The data -
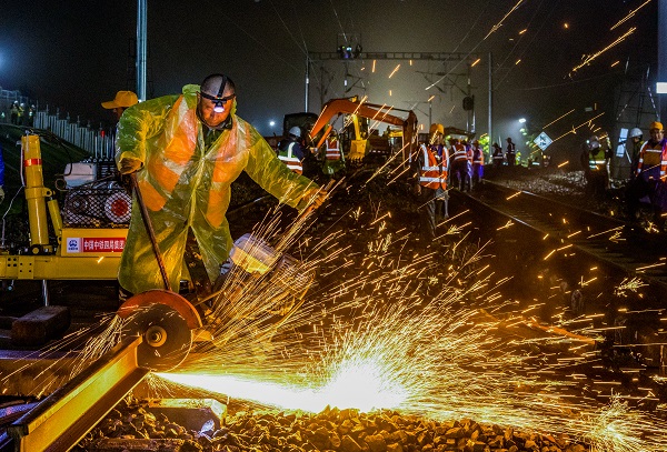 4月26日晚10點30分,隨著中國鐵路上海局集團有限公司東華地鐵公司現場總指揮的一聲令下,來自中鐵四局等單位的土建、軌道、防護、精調等多個工種的1000余名鐵路建設者迅速開展扒除、鋸軌、線路撥移、鋼軌合龍、填充道碴、大機搗固、開通試驗等施工作業。
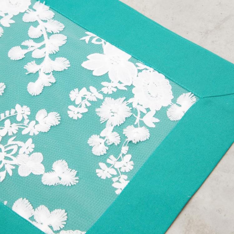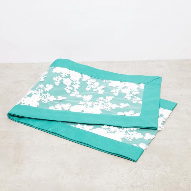 Impress your loved ones with this alluring table runner during the family dinner time. Flaunting an attractive shell-shaped embroidered detail, this rectangular runner is made from polyester and is an apt choice for regular use.
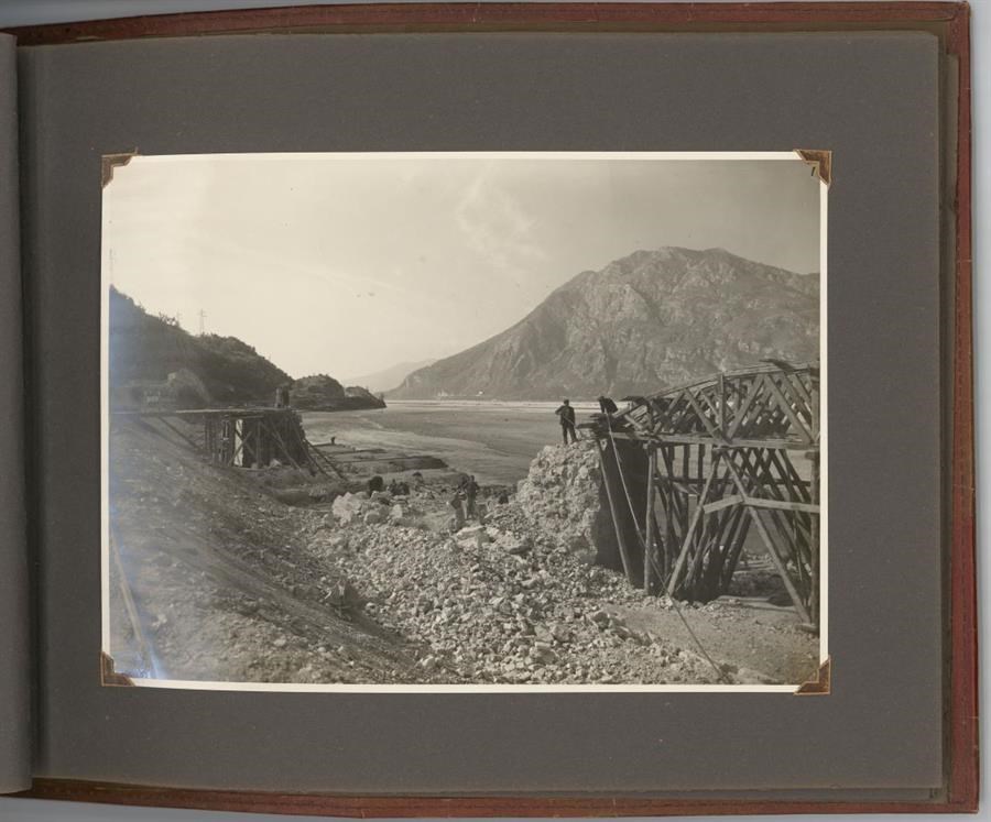 Veduta di porzione del cantiere di ricostruzione del viadotto sui Rivoli Bianchi danneggiato durante la Seconda Guerra Mondiale

Work to be completed - Write out the data once more exactly, omitting the pictures.

Your solution -
 4月26日晚10點30分,隨著中國鐵路上海局集團有限公司東華地鐵公司現場總指揮的一聲令下,來自中鐵四局等單位的土建、軌道、防護、精調等多個工種的1000余名鐵路建設者迅速開展扒除、鋸軌、線路撥移、鋼軌合龍、填充道碴、大機搗固、開通試驗等施工作業。
 Impress your loved ones with this alluring table runner during the family dinner time. Flaunting an attractive shell-shaped embroidered detail, this rectangular runner is made from polyester and is an apt choice for regular use.
 Veduta di porzione del cantiere di ricostruzione del viadotto sui Rivoli Bianchi danneggiato durante la Seconda Guerra Mondiale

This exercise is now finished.